╭─ Given material

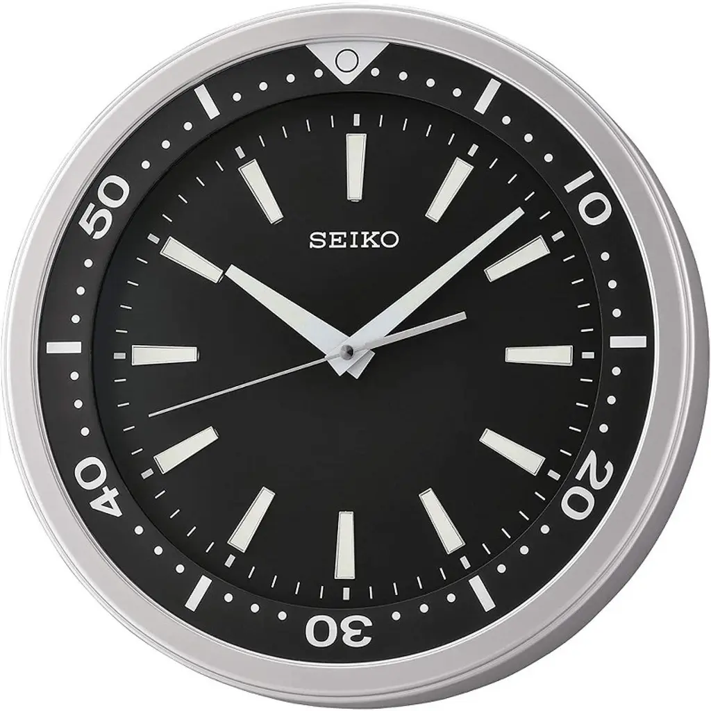 This Seiko 14" simple, ultra-modern wall clock brings simplistic style to any space. It features a round silver colored plastic frame with easy-to-read white markers, second hand sweep, 3D index with LumiBrite and hands with LumiBrite. Powered by 1 AA battery (included). Overall dimensions: 13.78 X 13.78 X 2.13 inches. Perfect for any office or any space.
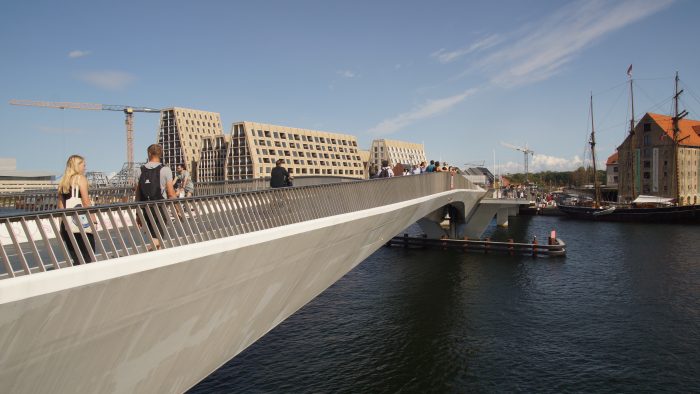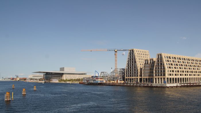 Langsam aber sicher wurden unsere Beine vom vielen Laufen müde und so beschlossen wir gemütlich am Wasser des Kopenhagener Hafens zurück Richtung Bahnhof zu laufen. Dort kamen wir zuerst an der berühmten Fahrrad-Fußgänger-Brücke vorbei. Von der hatten wir einen schönen Blick auf das gegenüberliegende moderne Opernhaus. Gemütlich ging es für uns nun am südwestlichen Kai entlang. Immer wieder konnten wir beobachten wie die Kopenhagener das schöne Wetter an den schön angelegten Wasserstegen nutzen.
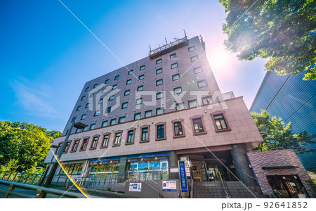 日本の横浜都市景観 昭和大学横浜市北部病院の前にあるウォール薬局などを望む=横浜市都筑区
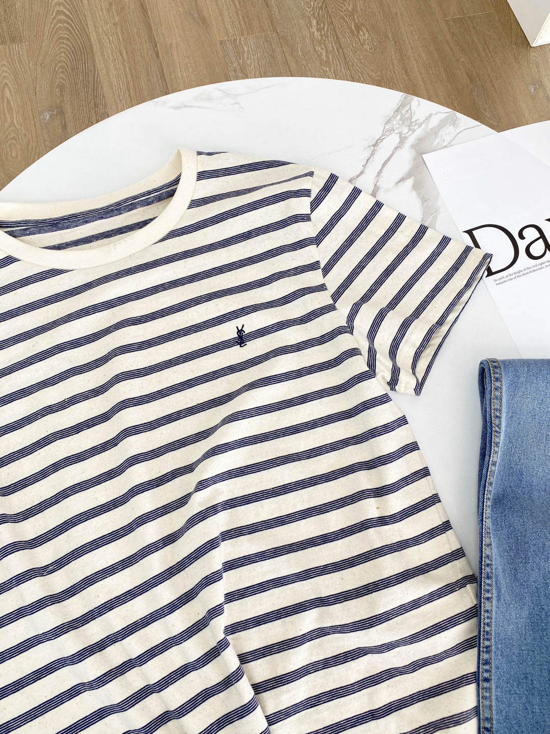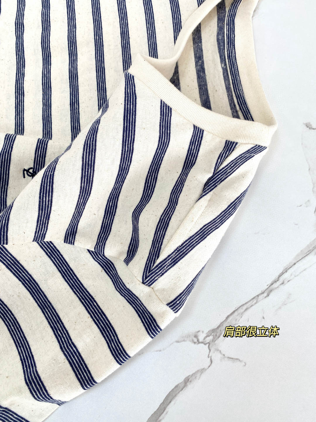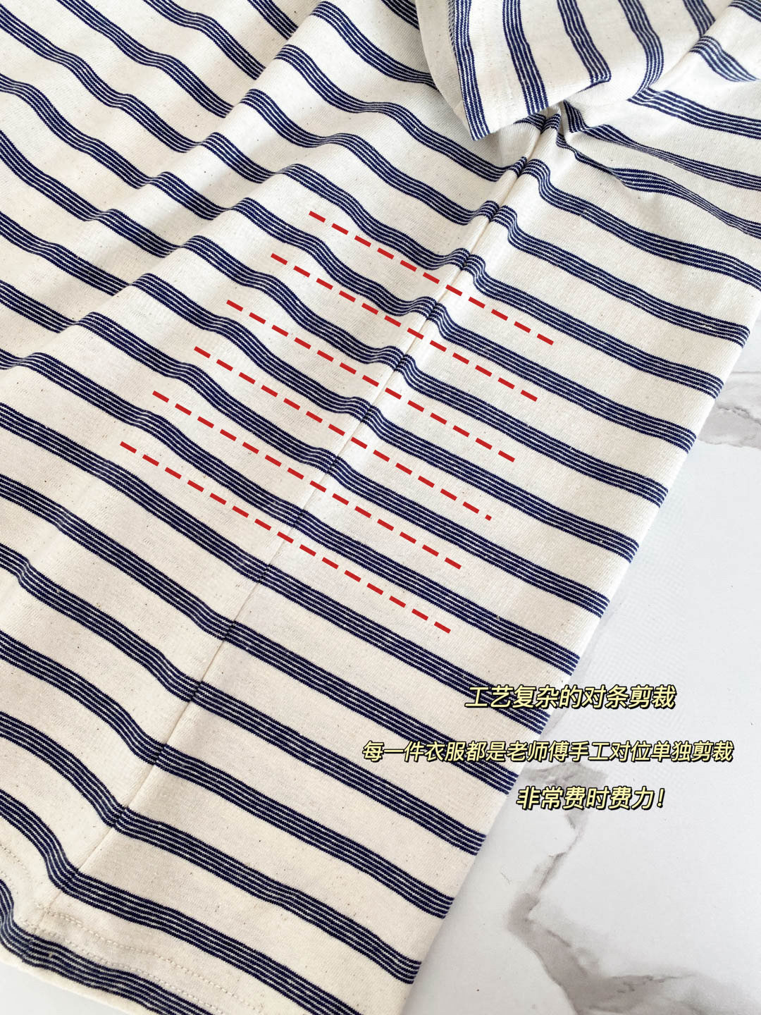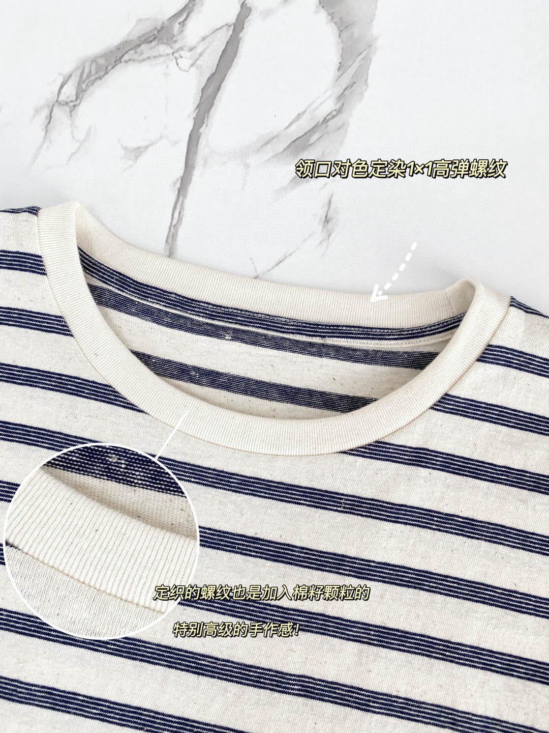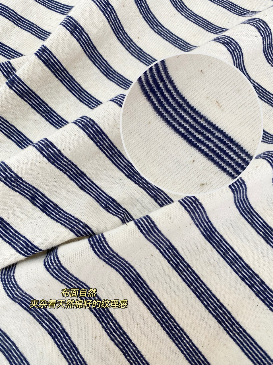 颜色也是那种本质棉麻的自然原胚色,天然未经染色哦,交织的藏青色条纹经德国进口5针机器单边格织针法形成间色效果。

╰─

Task to carry out: Return all the material exactly, pictures excluded.

Answer section:
 This Seiko 14" simple, ultra-modern wall clock brings simplistic style to any space. It features a round silver colored plastic frame with easy-to-read white markers, second hand sweep, 3D index with LumiBrite and hands with LumiBrite. Powered by 1 AA battery (included). Overall dimensions: 13.78 X 13.78 X 2.13 inches. Perfect for any office or any space.
 Langsam aber sicher wurden unsere Beine vom vielen Laufen müde und so beschlossen wir gemütlich am Wasser des Kopenhagener Hafens zurück Richtung Bahnhof zu laufen. Dort kamen wir zuerst an der berühmten Fahrrad-Fußgänger-Brücke vorbei. Von der hatten wir einen schönen Blick auf das gegenüberliegende moderne Opernhaus. Gemütlich ging es für uns nun am südwestlichen Kai entlang. Immer wieder konnten wir beobachten wie die Kopenhagener das schöne Wetter an den schön angelegten Wasserstegen nutzen.
 日本の横浜都市景観 昭和大学横浜市北部病院の前にあるウォール薬局などを望む=横浜市都筑区
 颜色也是那种本质棉麻的自然原胚色,天然未经染色哦,交织的藏青色条纹经德国进口5针机器单边格织针法形成间色效果。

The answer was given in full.